*** Begin section ***

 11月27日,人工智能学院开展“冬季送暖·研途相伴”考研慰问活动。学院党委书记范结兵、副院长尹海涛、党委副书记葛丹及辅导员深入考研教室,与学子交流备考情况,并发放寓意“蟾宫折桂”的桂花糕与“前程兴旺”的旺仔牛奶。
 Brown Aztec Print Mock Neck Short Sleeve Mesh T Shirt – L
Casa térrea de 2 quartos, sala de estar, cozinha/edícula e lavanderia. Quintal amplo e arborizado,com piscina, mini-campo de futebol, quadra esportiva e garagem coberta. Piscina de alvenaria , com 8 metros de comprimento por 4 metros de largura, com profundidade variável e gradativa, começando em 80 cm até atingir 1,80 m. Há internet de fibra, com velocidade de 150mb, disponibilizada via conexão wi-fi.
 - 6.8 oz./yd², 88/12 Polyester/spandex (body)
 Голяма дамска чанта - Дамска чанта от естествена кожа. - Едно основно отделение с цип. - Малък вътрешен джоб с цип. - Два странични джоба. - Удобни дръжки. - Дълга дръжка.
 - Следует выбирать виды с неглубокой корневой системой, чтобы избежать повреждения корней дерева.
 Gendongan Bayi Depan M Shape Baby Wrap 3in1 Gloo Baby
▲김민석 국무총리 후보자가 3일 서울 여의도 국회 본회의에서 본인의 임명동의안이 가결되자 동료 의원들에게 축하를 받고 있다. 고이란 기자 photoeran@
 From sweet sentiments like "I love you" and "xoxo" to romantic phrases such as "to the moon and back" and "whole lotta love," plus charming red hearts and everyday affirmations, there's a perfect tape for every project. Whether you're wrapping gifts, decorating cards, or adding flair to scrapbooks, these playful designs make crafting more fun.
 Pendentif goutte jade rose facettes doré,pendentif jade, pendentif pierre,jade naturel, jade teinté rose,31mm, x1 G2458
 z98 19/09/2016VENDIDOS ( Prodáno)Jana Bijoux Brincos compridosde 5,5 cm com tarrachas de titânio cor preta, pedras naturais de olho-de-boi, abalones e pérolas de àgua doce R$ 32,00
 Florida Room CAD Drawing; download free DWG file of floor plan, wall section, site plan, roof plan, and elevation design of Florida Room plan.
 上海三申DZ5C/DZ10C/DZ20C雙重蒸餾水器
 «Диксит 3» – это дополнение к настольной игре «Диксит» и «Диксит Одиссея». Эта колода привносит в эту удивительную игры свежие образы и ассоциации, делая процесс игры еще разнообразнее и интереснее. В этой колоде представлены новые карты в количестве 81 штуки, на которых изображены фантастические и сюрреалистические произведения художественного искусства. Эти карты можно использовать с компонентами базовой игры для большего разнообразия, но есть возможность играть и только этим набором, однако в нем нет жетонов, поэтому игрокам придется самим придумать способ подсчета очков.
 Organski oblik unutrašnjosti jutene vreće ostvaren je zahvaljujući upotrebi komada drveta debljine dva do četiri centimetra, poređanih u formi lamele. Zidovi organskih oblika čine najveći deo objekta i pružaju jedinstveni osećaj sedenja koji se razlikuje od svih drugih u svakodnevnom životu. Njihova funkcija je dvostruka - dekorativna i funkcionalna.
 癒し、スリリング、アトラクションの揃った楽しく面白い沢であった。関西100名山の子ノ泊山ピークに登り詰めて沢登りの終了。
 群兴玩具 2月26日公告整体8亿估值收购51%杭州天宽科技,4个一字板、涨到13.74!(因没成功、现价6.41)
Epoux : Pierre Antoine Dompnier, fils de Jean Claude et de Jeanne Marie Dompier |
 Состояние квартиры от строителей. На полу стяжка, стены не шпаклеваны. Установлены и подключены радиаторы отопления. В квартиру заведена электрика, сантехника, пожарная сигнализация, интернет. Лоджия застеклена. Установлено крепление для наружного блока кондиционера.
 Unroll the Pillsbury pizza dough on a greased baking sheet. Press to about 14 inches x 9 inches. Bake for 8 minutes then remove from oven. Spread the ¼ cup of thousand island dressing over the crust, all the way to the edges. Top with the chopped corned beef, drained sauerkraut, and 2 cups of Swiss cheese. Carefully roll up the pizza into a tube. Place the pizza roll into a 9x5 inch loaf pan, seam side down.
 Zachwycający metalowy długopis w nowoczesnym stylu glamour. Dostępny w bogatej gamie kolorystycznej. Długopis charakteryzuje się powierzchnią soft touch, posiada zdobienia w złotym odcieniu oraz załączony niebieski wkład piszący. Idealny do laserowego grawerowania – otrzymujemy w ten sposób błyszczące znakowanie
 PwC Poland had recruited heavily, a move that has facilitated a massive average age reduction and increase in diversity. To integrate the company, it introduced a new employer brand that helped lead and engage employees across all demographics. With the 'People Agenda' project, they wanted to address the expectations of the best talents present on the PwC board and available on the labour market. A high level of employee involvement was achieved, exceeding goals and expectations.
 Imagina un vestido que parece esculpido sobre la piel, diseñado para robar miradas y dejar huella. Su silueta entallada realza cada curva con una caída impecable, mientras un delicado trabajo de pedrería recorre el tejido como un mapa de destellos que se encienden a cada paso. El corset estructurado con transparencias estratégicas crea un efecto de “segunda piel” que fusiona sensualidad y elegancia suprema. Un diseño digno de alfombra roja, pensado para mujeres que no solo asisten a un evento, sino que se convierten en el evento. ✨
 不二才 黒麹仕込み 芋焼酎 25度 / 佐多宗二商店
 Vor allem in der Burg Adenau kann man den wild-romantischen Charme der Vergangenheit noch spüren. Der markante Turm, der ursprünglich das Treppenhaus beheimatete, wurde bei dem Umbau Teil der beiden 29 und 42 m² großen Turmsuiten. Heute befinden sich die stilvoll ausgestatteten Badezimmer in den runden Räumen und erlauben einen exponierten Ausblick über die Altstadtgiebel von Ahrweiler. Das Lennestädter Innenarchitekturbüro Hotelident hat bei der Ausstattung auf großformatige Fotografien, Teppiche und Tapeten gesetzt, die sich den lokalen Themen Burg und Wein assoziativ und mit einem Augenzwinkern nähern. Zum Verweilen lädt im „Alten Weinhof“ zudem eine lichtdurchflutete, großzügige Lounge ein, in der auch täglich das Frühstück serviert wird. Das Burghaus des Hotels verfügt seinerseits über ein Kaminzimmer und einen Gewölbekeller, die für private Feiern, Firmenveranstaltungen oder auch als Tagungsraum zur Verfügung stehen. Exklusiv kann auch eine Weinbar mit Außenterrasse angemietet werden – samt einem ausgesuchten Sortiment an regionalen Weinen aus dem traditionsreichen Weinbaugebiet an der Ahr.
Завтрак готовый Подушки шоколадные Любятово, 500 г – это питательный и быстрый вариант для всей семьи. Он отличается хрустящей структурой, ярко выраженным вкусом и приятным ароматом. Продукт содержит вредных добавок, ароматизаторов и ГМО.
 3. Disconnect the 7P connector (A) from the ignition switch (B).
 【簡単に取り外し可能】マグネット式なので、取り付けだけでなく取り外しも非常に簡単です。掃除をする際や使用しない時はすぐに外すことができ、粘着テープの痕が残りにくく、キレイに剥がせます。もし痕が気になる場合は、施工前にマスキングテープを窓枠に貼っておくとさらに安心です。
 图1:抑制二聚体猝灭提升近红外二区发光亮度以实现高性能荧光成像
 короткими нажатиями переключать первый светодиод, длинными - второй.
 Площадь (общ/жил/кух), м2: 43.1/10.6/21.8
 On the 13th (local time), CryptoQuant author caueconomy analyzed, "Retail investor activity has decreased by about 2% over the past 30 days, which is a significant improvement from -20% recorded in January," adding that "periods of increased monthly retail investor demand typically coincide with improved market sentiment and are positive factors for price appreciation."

*** End section ***

- [WHAT YOU WILL DO]:
Give back exactly the lines starting at the one with "Завтрак готовый Подушки" and running to the end of the listing. Include both ends.

- [SOLVED PROBLEM]:
Завтрак готовый Подушки шоколадные Любятово, 500 г – это питательный и быстрый вариант для всей семьи. Он отличается хрустящей структурой, ярко выраженным вкусом и приятным ароматом. Продукт содержит вредных добавок, ароматизаторов и ГМО.
 3. Disconnect the 7P connector (A) from the ignition switch (B).
 【簡単に取り外し可能】マグネット式なので、取り付けだけでなく取り外しも非常に簡単です。掃除をする際や使用しない時はすぐに外すことができ、粘着テープの痕が残りにくく、キレイに剥がせます。もし痕が気になる場合は、施工前にマスキングテープを窓枠に貼っておくとさらに安心です。
 图1:抑制二聚体猝灭提升近红外二区发光亮度以实现高性能荧光成像
 короткими нажатиями переключать первый светодиод, длинными - второй.
 Площадь (общ/жил/кух), м2: 43.1/10.6/21.8
 On the 13th (local time), CryptoQuant author caueconomy analyzed, "Retail investor activity has decreased by about 2% over the past 30 days, which is a significant improvement from -20% recorded in January," adding that "periods of increased monthly retail investor demand typically coincide with improved market sentiment and are positive factors for price appreciation."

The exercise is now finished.